Home Olahraga Wagub Jatim dan Bupati Pasuruan Kibarkan Bendera Race Bromo Marathon 2022

Wagub Jatim dan Bupati Pasuruan Kibarkan Bendera Race Bromo Marathon 2022

Kabupaten Pasuruan, Gatra.com -- Wakil Gubernur Jawa Timur Emil Dardak berharap agar gelaran Bromo Marathon akan menjadi acara tahunan yang selalu diselenggarakan. Hal itu ia sampaikan sebelum melepas pelari Bromo Marathon 2022 pada Ahad (11/09) pagi di area start lari.

"Saya ingin mengucapkan selamat atas penyelenggaraan kedelapan dari Bromo Marathon ini. Sudah luar biasa dan konsisten. Artinya kalau sudah melewati fase itu, insya Allah Bromo Marathon akan terus ada kedepannya," ujar Emil.

Acara yang diikuti oleh ribuan peserta dari Indonesia dan mancanegara itu menurutnya sangat tepat sebagai cara untuk menarik animo wisatawan dari berbagai negara untuk datang ke Bromo.
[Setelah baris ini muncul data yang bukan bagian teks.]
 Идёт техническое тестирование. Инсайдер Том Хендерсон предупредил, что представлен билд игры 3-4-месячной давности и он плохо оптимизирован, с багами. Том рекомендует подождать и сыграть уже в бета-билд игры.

Selain karena terkenal dengan pemandangannya yang bagus, Wagub Emil juga menyinggung terkait udara di area Bromo yang sejuk dan bagus.

"Bromo ini terkenal ke seluruh dunia. Maka tidak afdhal kalau tidak menyelenggarakan event sekelas Bromo Marathon ini. Udaranya masih sangat baik dan pemandangan alamnya juga sangat luar biasa," jelasnya. 

Emil juga menyatakan bahwa acara Bromo Marathon ini sangat potensial karena dapat menggerakkan perekonomian warga lokal. Terlebih dalam rangkain acara Bromo Marathon juga digelar Plataran Bromo Extravaganza yang melibatkan berbagai pelaku UMKM.

"Tapi yang tidak kalah pentingnya juga adalah kesempatan kita bisa menyapa warga dan juga menggerakkan perekonomian penduduk lokal," ujar Emil.

"Semoga sukses membuat Bromo ini menjadi tempat yang tentunya memenuhi standard untuk menarik wisatawan dari mancanegara. Have fun, selamat bersenang-senang. Bromo tentunya selalu menjadi tempat menyenangkan dan Pasuruan pasti always fresh," tutup Emil.

Di lain sisi, Bupati Pasuruan Irsyad Yusuf menyebut, acara Bromo Marathon sendiri sudah dilaksanakan sejak tahun 2013. Hanya saja ketika tahun-tahun pandemi Covid-19, acara tersebut pun terpaksa vakum.

"Hari ini, pagi ini, kita mulai lagi. Mudah-mudahan ini menjadikan Kabupaten Pasuruan semakin dikenal di seluruh Indonesia bahkan seluruh Dunia," ujar Irsyad dalam kesempatan yang sama.

Bupati yang akrab disapa Gus Irsyad itu juga menjelaskan bahwa peserta datang dari hampir 20 negara. Peserta Marathon sendiri dibagi menjadi beberapa kelas sesuai panjang rute yang ditempuh, mulai dari 42 kilometer, 21 kilometer, 10 kilometer, 5 kilometer, dan kelas untuk anak-anak sejauh 2,5 kilometer.

"Kita berharap event ini menjadi event yang mendunia. Dan salam sehat selalu untuk semua peserta. Mudah-mudahan sampai finish sehat, selamat. Amin," ujarnya.

Selain itu, Gus Irsyad juga menjelaskan bahwa Bromo Marathon sendiri merupakan rangkaian hari jadi kabupaten Pasuruan yang setiap tahun diadakan.

"Ke depan harapannya semoga lebih banyak pelari-pelari atau runner yang mengikuti. Tahun ini memang masih kita batasi mengingat pandemi. Tapi tahun depan, mudah-mudahan lebih banyak peserta terutama dari luar negeri," ujar Gus Irsyad.

Menurutnya inisiator dari Bromo Marathon adalah anak-anak muda dari komunitas dan juga pemuda Kabupaten Pasuruan terutama kecamatan Tosari. "Dari sana kemudian saya dukung dan kita jadikan satu rangkaian hari jadi Kabupaten Pasuruan," ujarnya.